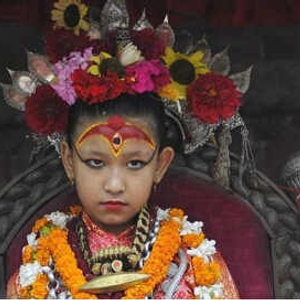 在很多国家,女神更多是一种精神文明的象征,而在尼泊尔,令人崇敬的女神却是真实存在的。据英国《每日邮报》报道,在尼泊尔首都加德满都以南约5公里的帕坦城,一名女孩因为“睫毛像母牛的睫毛般锐利,声音像鸭子的嗓音般清晰嘹亮”,在年幼时即通过严格挑选,被选为该地区的“活女神”。
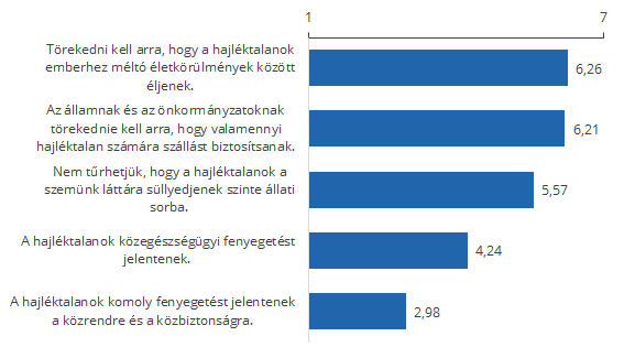 Hajléktalanokkal kapcsolatos állításokkal való egyetértés (átlagok az 1-7 skálán, ahol a nagyobb érték erősebb egyetértést jelent)
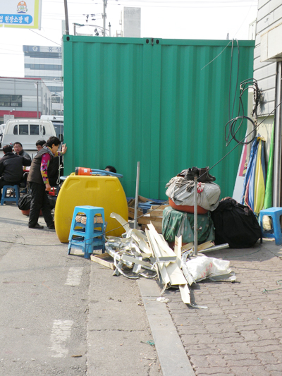 한편 시장에서 만난 컨테이너 상인 김정순(순이네 식당ㆍ63)씨는 "몇 십 년 사용한 거주지를 빼앗기는데 가만히 있을 사람이 누가 있나? 우리 집 앞에는 과일을 파는 노점이 있다. 요즘 장날이면 둘다 서로 미안해하며 장사를 한다. 특히 공무원들의 태도에 화가 난다. 벼는 익을수록 고개를 숙인다고 했는데 군민들 세금 받아먹고 사는 사람들이 고개 빳빳이 들고 나와 빙빙 돌며 이것 치워라, 저것 치워라 하는데 정말 화가 난다. 부여 같은 경우는 미리 노점상들이 장사할 곳을 마련해주고 현대화 사업을 시작했다. 반면 홍성군은 일절 상인들한테 협조를 구하지 않았다. 현재 컨테이너는 임시시장일 뿐이다. 그렇다면 노점상도 컨테이너 상인도 도로가 비좁아 많이 복잡해도 서로 조금 양보하고 같이 사는 길을 찾았으면 한다. 함께 먹고 살아야 하지 않나? 하루아침에 밥통을 끊어 놓으려고 하면 안 된다"고 하소연을 한다.
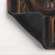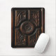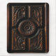 Este mousepad é decorado com uma imagem de uma madeira artística bonita que cinzela nas máscaras do marrom, do ouro, do mogno e do preto. Uma imagem circular abstrata central da flor tem as pétalas irradiar para fora a um círculo cinzelado que seja cercado por quatro seções. Cada seção tem carvings abstratos da folha.
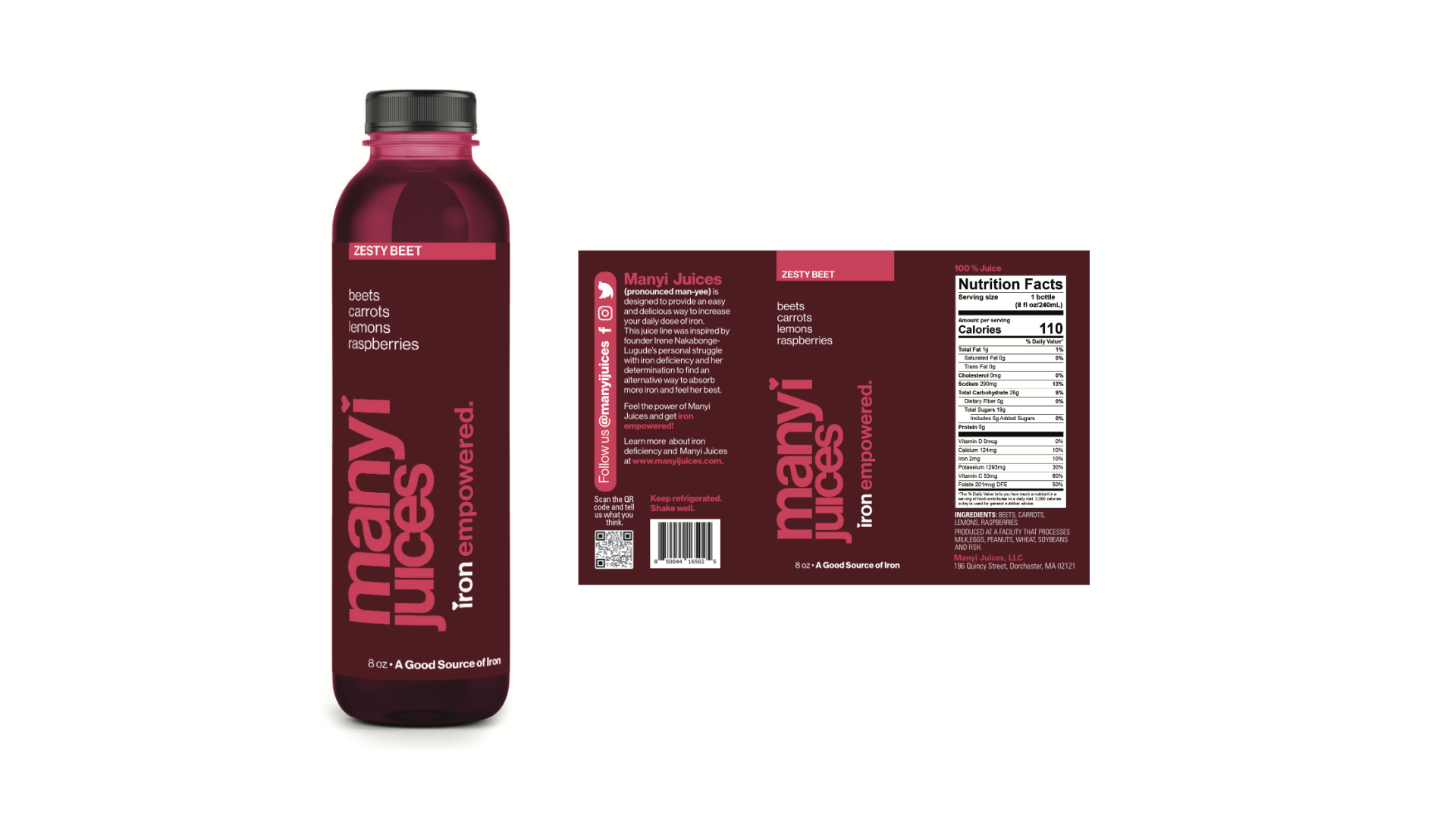 MANYI Juices are plant-based, a good source of iron, and have no preservatives or sugar added. MANYI Juices is on a mission to provide women with an easy and delicious way to increase their daily dose of iron.
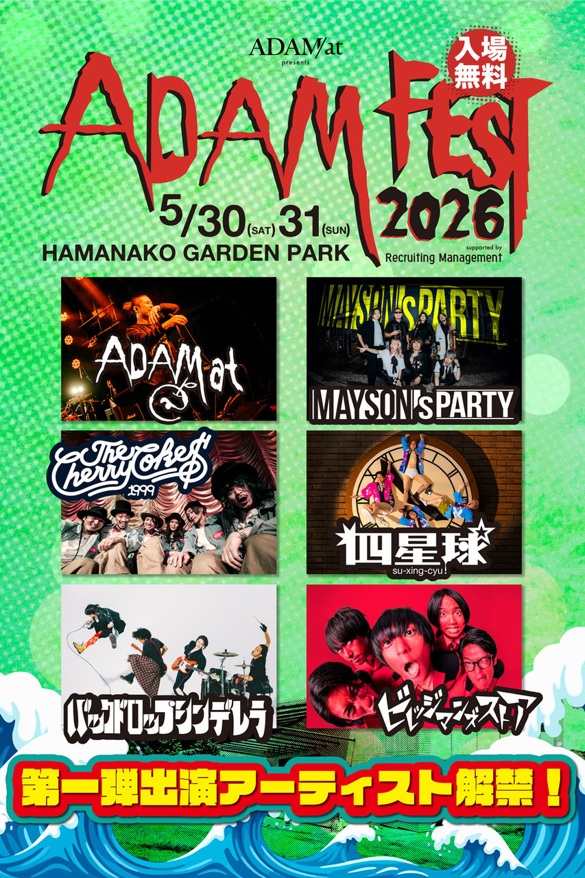 2026年5月30日(土)31日(日)開催 静岡県 浜名湖ガーデンパーク屋外ステージ『ADAM at pre. 「ADAM FEST2026」』出演決定☆
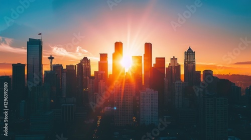 skyline, city, sunset, skyscraper, building, urban, twilight, gold, hours, sun, light, ray, horizon, architecture, silhouette, cloud, city landscape, metropolis, downtown, view, panorama, aerial, photo, photo, landscape, jungle, evening, gloaming, red, orange, yellow, blue, purple, warm, colours, bright, high-coloured, dramatic, beautiful, amazing, breathtaking
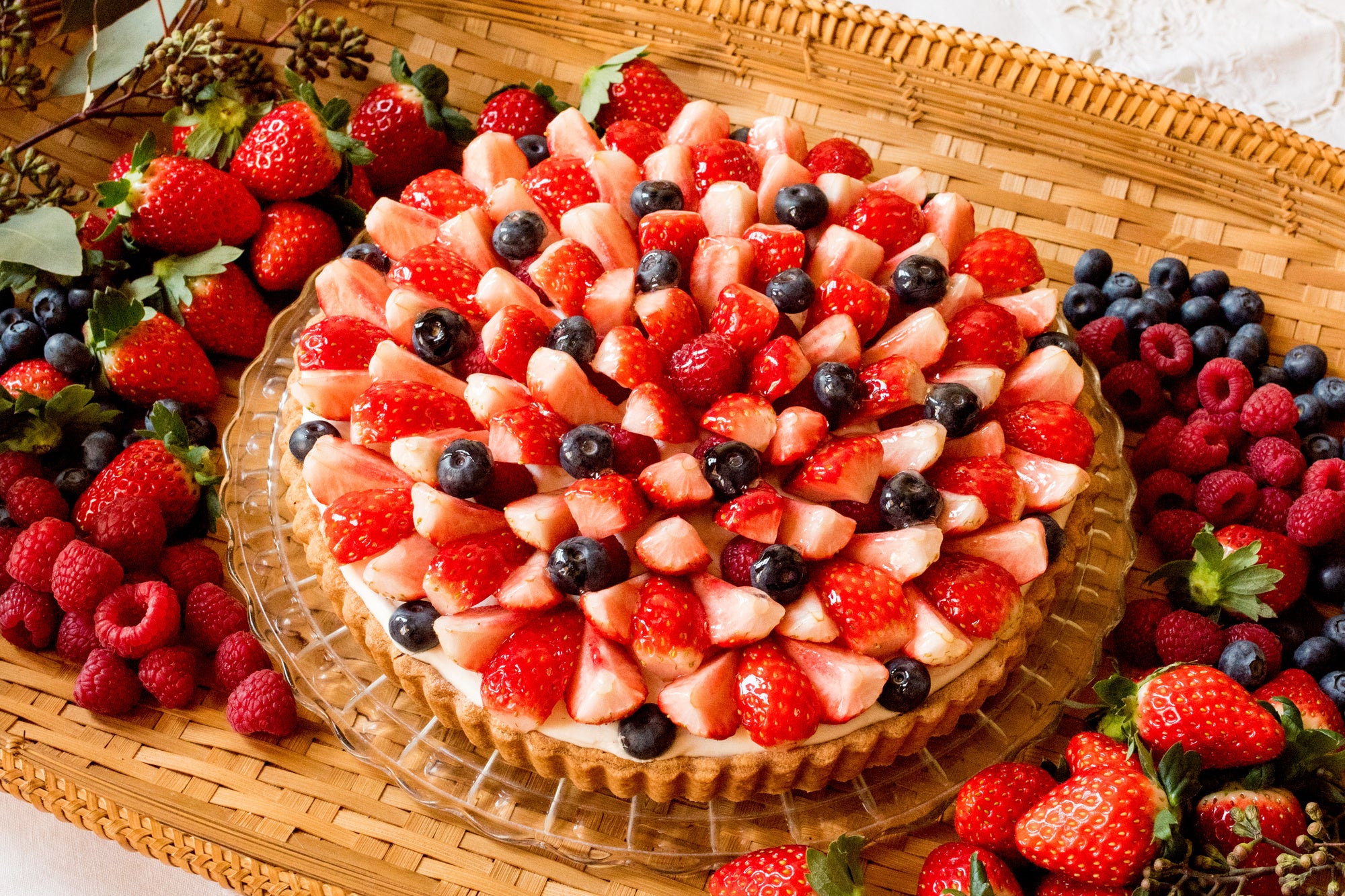 静岡生まれの“きらぴ香”を使用した、イチゴの華やかな香りいっぱいのタルトをつくりました。サワークリーム入りのカスタードに自家製ジャムを加え、大粒の“きらぴ香”で飾りました。たっぷりのイチゴとクリームの組み合わせは、何度でも食べたくなる味わいです。

----------------------------------------

To complete this exercise, transcribe exactly the lines above from the one that holds "한편 시장에서 만난 컨테이너" through the one that holds "2026年5月30日(土)31日(日)開催 静岡県 浜名湖ガーデンパーク屋外ステージ『ADAM". Pictures stay out.

→ **Output of the task**:
 한편 시장에서 만난 컨테이너 상인 김정순(순이네 식당ㆍ63)씨는 "몇 십 년 사용한 거주지를 빼앗기는데 가만히 있을 사람이 누가 있나? 우리 집 앞에는 과일을 파는 노점이 있다. 요즘 장날이면 둘다 서로 미안해하며 장사를 한다. 특히 공무원들의 태도에 화가 난다. 벼는 익을수록 고개를 숙인다고 했는데 군민들 세금 받아먹고 사는 사람들이 고개 빳빳이 들고 나와 빙빙 돌며 이것 치워라, 저것 치워라 하는데 정말 화가 난다. 부여 같은 경우는 미리 노점상들이 장사할 곳을 마련해주고 현대화 사업을 시작했다. 반면 홍성군은 일절 상인들한테 협조를 구하지 않았다. 현재 컨테이너는 임시시장일 뿐이다. 그렇다면 노점상도 컨테이너 상인도 도로가 비좁아 많이 복잡해도 서로 조금 양보하고 같이 사는 길을 찾았으면 한다. 함께 먹고 살아야 하지 않나? 하루아침에 밥통을 끊어 놓으려고 하면 안 된다"고 하소연을 한다.
 Este mousepad é decorado com uma imagem de uma madeira artística bonita que cinzela nas máscaras do marrom, do ouro, do mogno e do preto. Uma imagem circular abstrata central da flor tem as pétalas irradiar para fora a um círculo cinzelado que seja cercado por quatro seções. Cada seção tem carvings abstratos da folha.
 MANYI Juices are plant-based, a good source of iron, and have no preservatives or sugar added. MANYI Juices is on a mission to provide women with an easy and delicious way to increase their daily dose of iron.
 2026年5月30日(土)31日(日)開催 静岡県 浜名湖ガーデンパーク屋外ステージ『ADAM at pre. 「ADAM FEST2026」』出演決定☆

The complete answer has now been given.